The thumb rests naturally on the thumbwheel control dial, which is used to change aperture and shutter speed, and it is easy to shift to the master four-way toggle control to navigate through the menus.
Top-of-camera controls are clustered on the right side, and are almost identical to those on the D5000. The main difference? The D3000 has “Guide” instead of “Scene.” See text.
Absolute beginners can turn the top mode dial to GUIDE, which holds your hands and guides you, via the LCD monitor, through a handful of settings that are designed for specific picture-taking scenarios. Easy Operation lets you choose from Auto, No flash, Distant Subjects, Closeups, Sleeping Faces (that's a confusing name but actually means “child mode”), Landscapes, Portraits and Night Mode. Advanced operation, oddly, only offers three choices: “Soften Backgrounds” (basically, aperture-priority auto mode for those of you who know the lingo) “Freeze Motion (people)” (Shutter priority auto, forces you to choose a shutter speed that will stop action), and “Freeze Motion (vehicles)” (Shutter priority, but forces you to choose an even faster shutter speed.)

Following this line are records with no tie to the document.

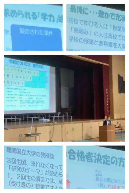 第2回進路説明会を開催しましたところ、3年生の保護者の皆様方には、あいにくの雨模様となりましたが、ご来校いただき、熱心にメモを取りながらお話を聞いていただきありがとうございました。また、講師としてお越しいただきました校長先生におかれましては、お忙しい中、ご講演いただき、ありがとうございました。
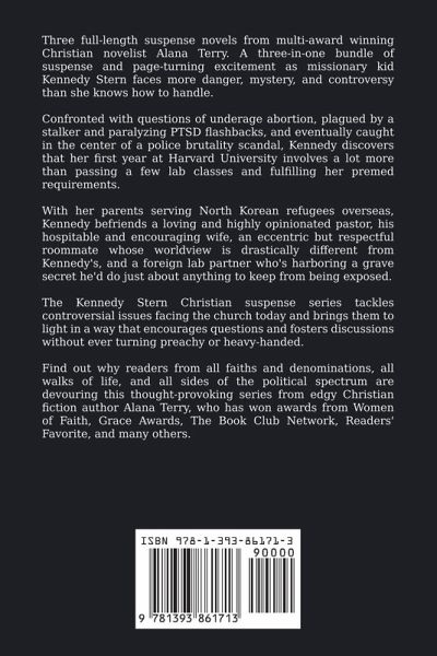 Three full-length suspense novels from multi-award winning Christian novelist Alana Terry. A three-in-one bundle of suspense and page-turning excitement as missionary kid Kennedy Stern faces more danger, mystery, and controversy than she knows how to handle. Confronted with questions of underage abortion, plagued by a stalker and paralyzing PTSD flashbacks, and eventually caught in the center of a police brutality scandal, Kennedy discovers that her first year at Harvard University involves a lot more than passing a few lab classes and fulfilling her premed requirements. With her parents serving North Korean refugees overseas, Kennedy befriends a loving and highly opinionated pastor, his hospitable and encouraging wife, an eccentric but respectful roommate whose worldview is drastically different from Kennedy's, and a foreign lab partner who's harboring a grave secret he'd do just about anything to keep from being exposed. The Kennedy Stern Christian suspense series tackles controversial issues facing the church today and brings them to light in a way that encourages questions and fosters discussions without ever turning preachy or heavy-handed. Find out why readers from all faiths and denominations, all walks of life, and all sides of the political spectrum are devouring this thought-provoking series from edgy Christian fiction author Alana Terry, who has won awards from Women of Faith, Grace Awards, The Book Club Network, Readers' Favorite, and many others.
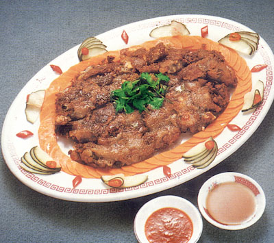做 法: 1、先将鲜蚝仔用清水漂洗干净,用雪粉水调匀,并将葱头切成细粒放入,同时加入味精、鱼露搅匀待用。2、用旺火烧热平鼎有足够热度后,加入少许猪油,将蚝仔、粉水混和成浆状,用匙再调和后下鼎,再把鸭蛋去壳打散淋在上面,加入猪油煎,并配入辣椒酱调味,用铁勺在鼎里把蚝烙切断分块,再用勺翻转,四周加入猪油,继续煎烙,煎至上下两面酥脆,并呈金黄色,盛入盘即成,并伴上芫荽叶。
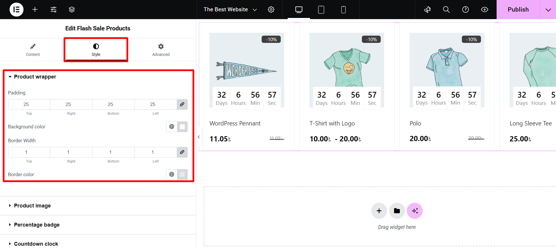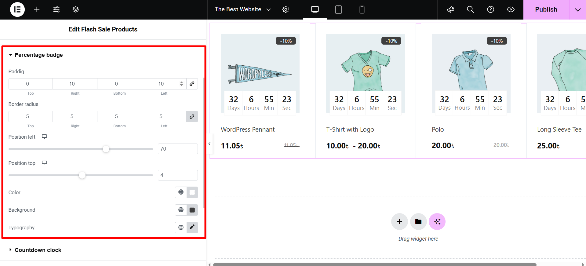 Etapa 3: adicionar widget de produtos de venda em Flash #
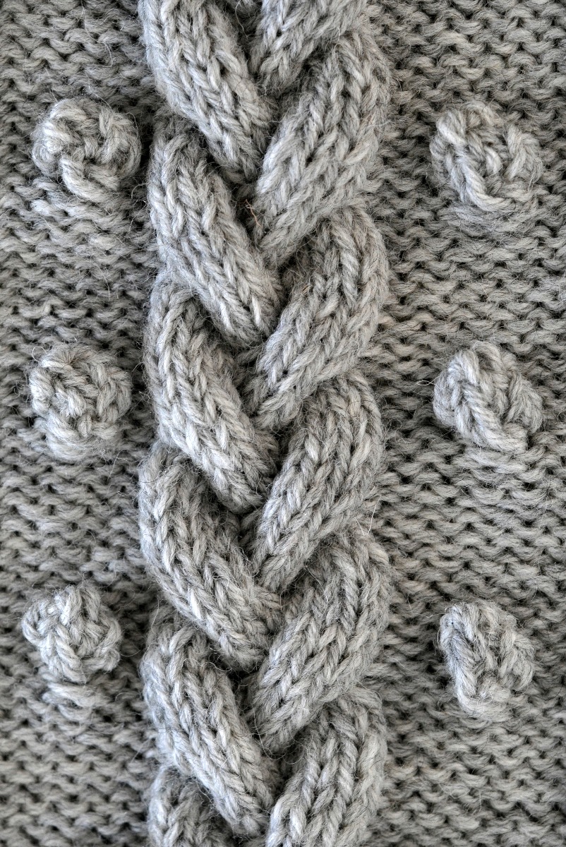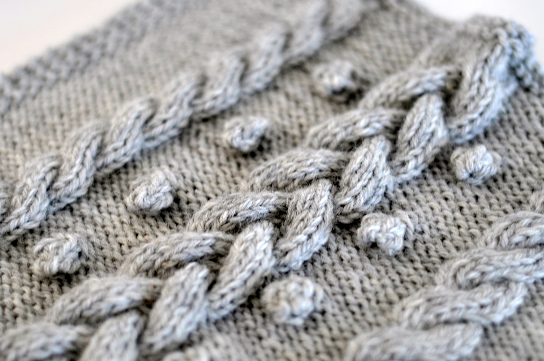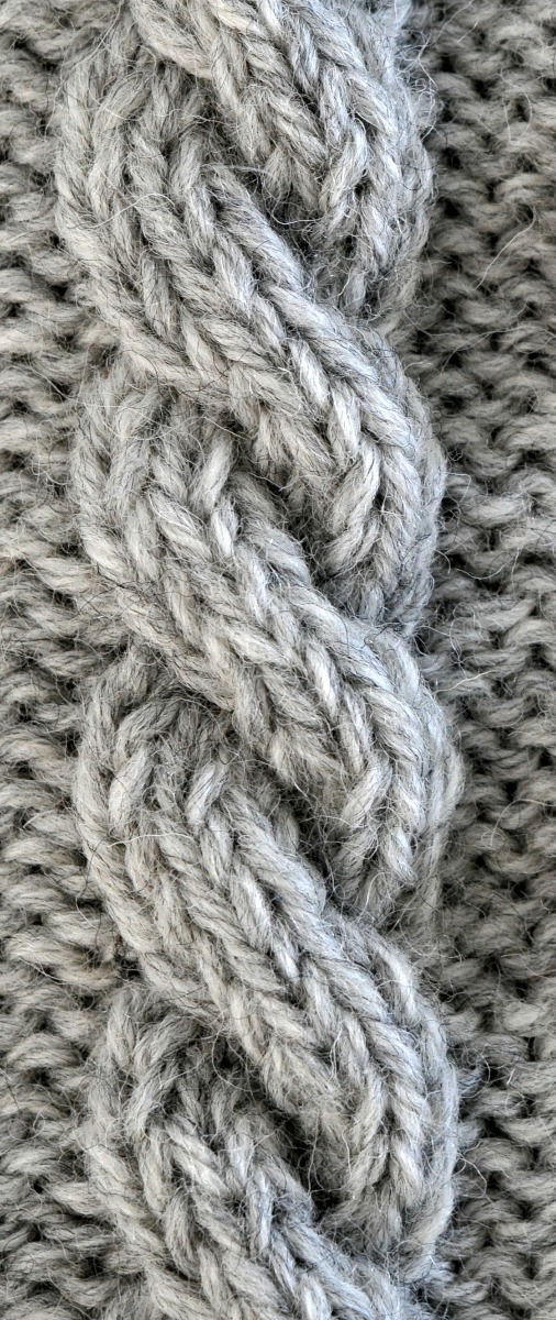 Varv 4-27 bildar flätmönstret. Fortsätt att sticka mönster genom att upprepa varv 4-27 till arbetet mäter ca 29 cm. (Avsluta med ett avigt varv.)
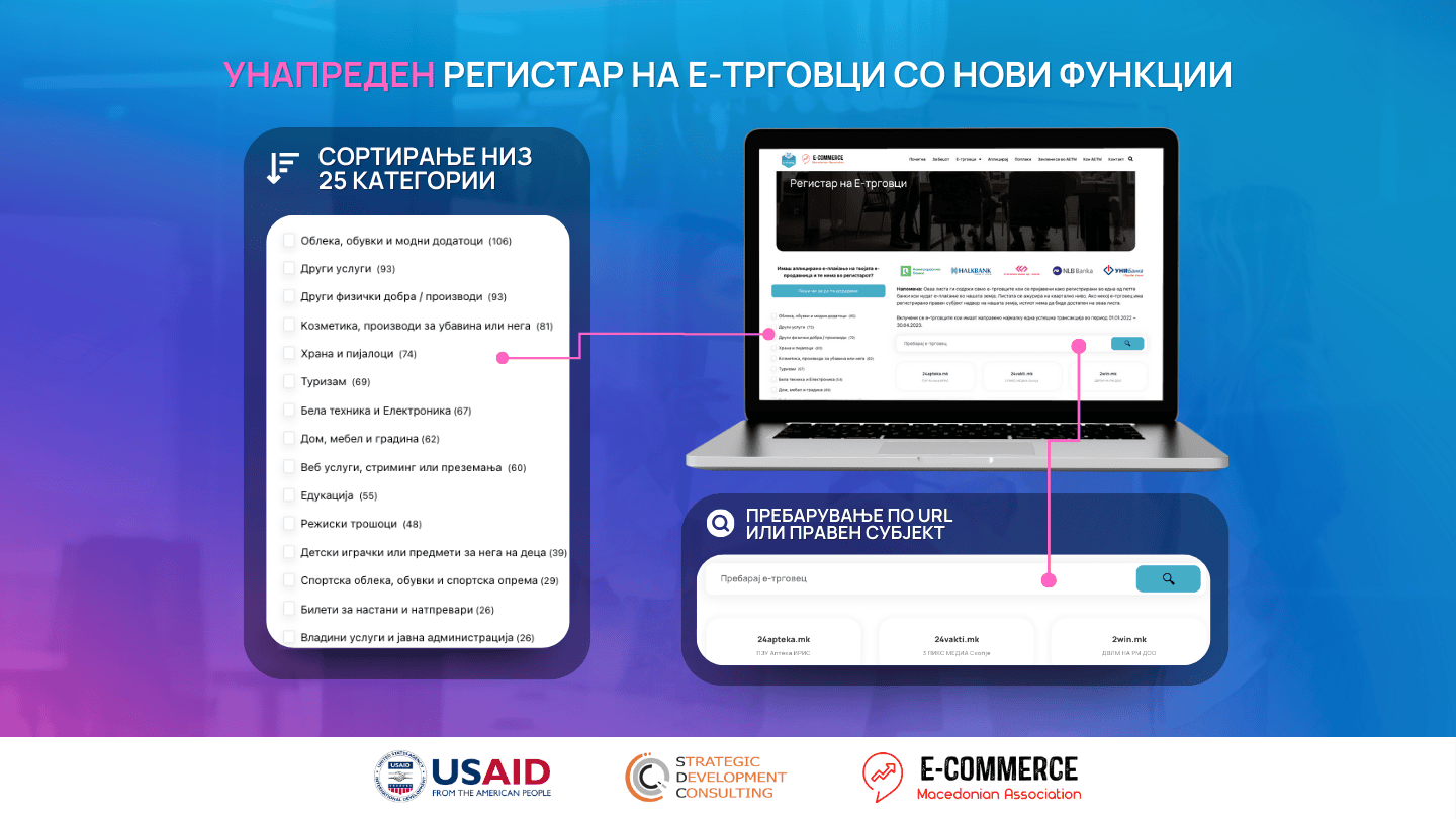 - Единствениот унапреден и категоризиран регистар на онлајн продавачи во С.Македонија кои активно нудат производи или услуги и овозможуваат онлајн плаќање преку една од петте банки во нашата земја кои нудат е-трговија;
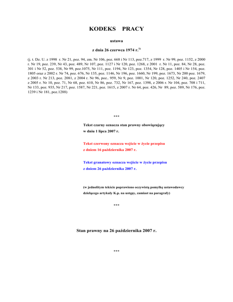KODEKS PRACY ustawa z dnia 26 czerwca 1974 r.1) (j. t. Dz. U. z 1998 r. Nr 21, poz. 94, zm. Nr 106, poz. 668 i Nr 113, poz.717, z 1999 r. Nr 99, poz. 1152, z 2000 r. Nr 19, poz. 239, Nr 43, poz. 489, Nr 107, poz. 1127 i Nr 120, poz. 1268, z 2001 r. Nr 11, poz. 84, Nr 28, poz. 301 i Nr 52, poz. 538, Nr 99, poz.1075, Nr 111, poz. 1194, Nr 123, poz. 1354, Nr 128, poz. 1405 i Nr 154, poz. 1805 oraz z 2002 r. Nr 74, poz. 676, Nr 135, poz. 1146, Nr 196, poz. 1660, Nr 199, poz. 1673, Nr 200 poz. 1679, z 2003 r. Nr 213, poz. 2081, z 2004 r. Nr 96, poz.. 959, Nr 9, poz. 1001, Nr 120, poz. 1252, Nr 240, poz. 2407 z 2005 r. Nr 10, poz. 71, Nr 68, poz. 610, Nr 86, poz. 732, Nr 167, poz. 1398, z 2006 r. Nr 104, poz. 708 i 711, Nr 133, poz. 935, Nr 217, poz. 1587, Nr 221, poz. 1615, z 2007 r. Nr 64, poz. 426, Nr 89, poz. 589, Nr 176, poz. 1239 i Nr 181, poz.1288) *** Tekst czarny oznacza stan prawny obowiązujący w dniu 1 lipca 2007 r. Tekst czerwony oznacza wejście w życie przepisu z dniem 16 października 2007 r. Tekst granatowy oznacza wejście w życie przepisu z dniem 26 października 2007 r. (w jednolitym tekście poprawiono oczywistą pomyłkę ustawodawcy dzielącego artykuły K.p. na ustępy, zamiast na paragrafy) *** Stan prawny na 26 października 2007 r. *** 1) Niniejsza ustawa dokonuje w zakresie swojej regulacji wdrożenia następujących dyrektyw Wspólnot Europejskich: 1) dyrektywy 83/477/EWG z dnia 19 września 1983 r. w sprawie ochrony pracowników przed ryzykiem związanym z narażeniem na działanie azbestu w miejscu pracy (druga dyrektywa szczegółowa w rozumieniu art. 8 dyrektywy 80/1107/EWG) (Dz. Urz. WE L 263 z 24.09.1983, z późn. zm.), 2) dyrektywy 86/188/EWG z dnia 12 maja 1986 r. w sprawie ochrony pracowników przed ryzykiem związanym z narażeniem na działanie hałasu w miejscu pracy (Dz. Urz. WE L 137 z 24.05.1986), 3) dyrektywy 89/391/EWG z dnia 12 czerwca 1989 r. w sprawie wprowadzenia środków w celu poprawy bezpieczeństwa i zdrowia pracowników w miejscu pracy (Dz. Urz. WE L 183 z 29.06.1989), 4) dyrektywy 89/654/EWG z dnia 30 listopada 1989 r. dotyczącej minimalnych wymagań w dziedzinie bezpieczeństwa i ochrony zdrowia w miejscu pracy (pierwsza dyrektywa szczegółowa w rozumieniu art. 16 ust. 1 dyrektywy 89/391/EWG) (Dz. Urz. WE L 393 z 30.12.1989), 5) dyrektywy 89/655/EWG z dnia 30 listopada 1989 r. dotyczącej minimalnych wymagań w dziedzinie bezpieczeństwa i higieny użytkowania sprzętu roboczego przez pracowników podczas pracy (druga dyrektywa szczegółowa w rozumieniu art. 16 ust. 1 dyrektywy 89/391/EWG) (Dz. Urz. WE L 393 z 30.12.1989, z późn. zm.), 6) dyrektywy 89/656/EWG z dnia 30 listopada 1989 r. w sprawie minimalnych wymagań w dziedzinie bezpieczeństwa i ochrony zdrowia pracowników korzystających z wyposażenia ochrony osobistej (trzecia dyrektywa szczegółowa w rozumieniu art. 16 ust. 1 dyrektywy 89/391/EWG) (Dz. Urz. WE L 393 z 30.12.1989), 7) dyrektywy 90/269/EWG z dnia 29 maja 1990 r. w sprawie minimalnych wymagań dotyczących ochrony zdrowia i bezpieczeństwa podczas ręcznego przemieszczania ciężarów w przypadku możliwości wystąpienia zagrożenia, zwłaszcza urazów kręgosłupa pracowników (czwarta szczegółowa dyrektywa w rozumieniu art. 16 ust. 1 dyrektywy 89/391/EWG) (Dz. Urz. WE L 156 z 21.06.1990), 8) dyrektywy 90/270/EWG z dnia 29 maja 1990 r. w sprawie minimalnych wymagań w dziedzinie bezpieczeństwa i ochrony zdrowia przy pracy z urządzeniami wyposażonymi w monitory ekranowe (piąta dyrektywa szczegółowa w rozumieniu art. 16 ust. 1 dyrektywy 89/391/EWG) (Dz. Urz. WE L 156 z 21.06.1990), 9) dyrektywy 90/394/EWG z dnia 28 czerwca 1990 r. w sprawie ochrony pracowników przed zagrożeniem dotyczącym narażenia na działanie czynników rakotwórczych podczas pracy (szósta dyrektywa szczegółowa w rozumieniu art. 16 ust. 1 dyrektywy 89/391/EWG) (Dz. Urz. WE L 196 z 26.07.1990, z późn. zm.), 10) dyrektywy 91/322/EWG z dnia 29 maja 1991 r. w sprawie ustalenia indykatywnych wartości granicznych w wykonaniu dyrektywy 80/1107/EWG w sprawie ochrony pracowników przed ryzykiem związanym z narażeniem na działanie czynników chemicznych, fizycznych i biologicznych w miejscu pracy (Dz. Urz. WE L 177 z 05.07.1991), 11) dyrektywy 91/383/EWG z dnia 25 czerwca 1991 r. uzupełniającej środki mające wspierać poprawę bezpieczeństwa i zdrowia w pracy pracowników pozostających w stosunku pracy na czas określony lub w czasowym stosunku pracy (Dz. Urz. WE L 206 z 29.07.1991), 12) dyrektywy 91/533/EWG z dnia 14 października 1991 r. w sprawie obowiązku pracodawcy dotyczącym informowania pracowników o warunkach stosowanych do umowy lub stosunku pracy (Dz. Urz. WE L 288 z 08.07.1992), 13) dyrektywy 92/57/EWG z dnia 24 czerwca 1992 r. w sprawie wprowadzenia w życie minimalnych wymagań w zakresie bezpieczeństwa i ochrony zdrowia w miejscach tymczasowych lub ruchomych budów (ósma dyrektywa szczegółowa w rozumieniu art. 16 ust. 1 dyrektywy 89/391/EWG) (Dz. Urz. WE L 245 z 26.08.1992), 14) dyrektywy 92/58/EWG z dnia 24 czerwca 1992 r. w sprawie minimalnych wymagań dotyczących znaków bezpieczeństwa i/lub zdrowia w miejscu pracy (dziewiąta dyrektywa szczegółowa w rozumieniu art. 16 ust. 1 dyrektywy 89/391/EWG) (Dz. Urz. WE L 245 z 26.08.1992), 15) dyrektywy 92/85/EWG z dnia 19 października 1992 r. w sprawie wprowadzenia środków służących wspieraniu poprawy w miejscu pracy bezpieczeństwa i zdrowia pracownic w ciąży, pracownic, które niedawno rodziły i pracownic karmiących piersią (dziesiąta dyrektywa szczegółowa w rozumieniu art. 16 ust. 1 dyrektywy 89/391/EWG) (Dz. Urz. WE L 348 z 28.11.1992), 16) dyrektywy 93/104/WE z dnia 23 listopada 1993 r. dotyczącej niektórych aspektów organizacji czasu pracy (Dz. Urz. WE L 307 z 13.12.1993), 17) dyrektywy 94/33/WE z dnia 22 czerwca 1994 r. w sprawie ochrony pracy osób młodych (Dz. Urz. WE L 216 z 20.08.1994), 18) dyrektywy 96/34/WE z dnia 3 cze
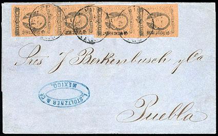 Mexico, Mexico, 1861, ½r black on buff, four singles. Tied by Mexico cds's (Schatzkes 821) on 1862 folded letter sheet to Puebla, Very Fine, a scarce use of the ½r making up the 2r rate. Scott No. 6; Estimate $300 - 400. US$300-400 (Image)
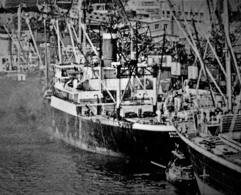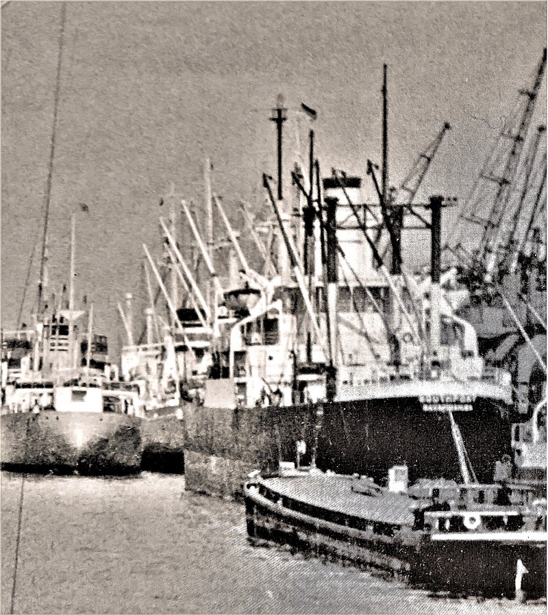 Ex-USS Suffolk (AKA-69) in merchant service as The South Atlantic Steamship company's SS Southport moored pierside at Antwerp, Belgium, circa late-1950s, Note she is in United States Lines colors. |
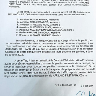 La Banque Centrale du Congo (BCC) informe cependant, le public, les actionnaires, les administrateurs, les déposants à un titre d'un droit sur les fonds ou avoir conservés ou détenus par AFRILAND FIRST BANK CD S.A que le conseil d'administration et la direction générale de cette banque sont dessaisis de leurs pouvoirs de gestion, à dater de ce jour, peut on lire de cet avis au public.
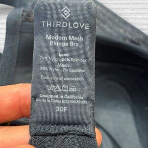 The ThirdLove Women's Modern Mesh Plunge Bra in 30F is a stylish and supportive underwired bra in a unique dark teal color with lace accents. The bra features a solid pattern with a hook & eye closure and adjustable straps, making it comfortable and secure. The mesh fabric adds a touch of breathability, while the plunge style offers a flattering neckline. Perfect for everyday wear, this bra combines classic design with modern features to provide both style and support for women with a size F cup.
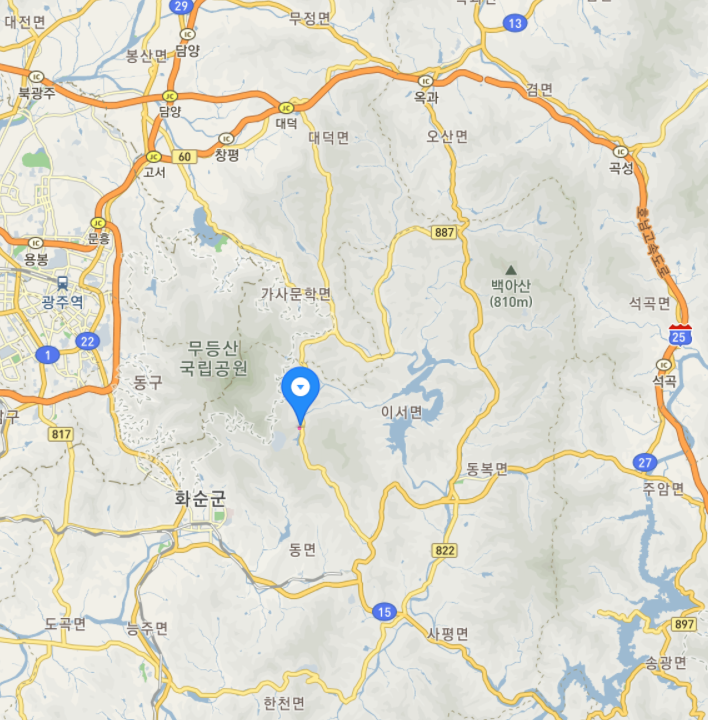 화순군 이서면 안심리는 지도에서 보듯 무등산 국립공원의 동남쪽에 위치합니다.

The main menu dial gives you a lot of camera setting information at a glance, although first-time DSLR users might get information overload.
If you are more advanced, ignore the GUIDE mode and choose from the usual PASM choices and when you select menu you will gain access to a wide variety of image controls, such as white balance, noise reduction on/off, focus mode, metering options, built-in and external flash options, and so on. The GUIDE mode is the most obvious difference between the D3000 and the D5000, which has “SCENE” mode in its place, and this accesses that camera’s 18 or so shooting modes, which the D3000 doesn’t have.
The Retouch menu is identical to the D5000's, offering post-processing in camera to remove Red-Eye, expand the dynamic range, apply various monochrome effects and virtual filters (such as a cross-screen filter) or a very cool but limited selective focus “miniature effect”.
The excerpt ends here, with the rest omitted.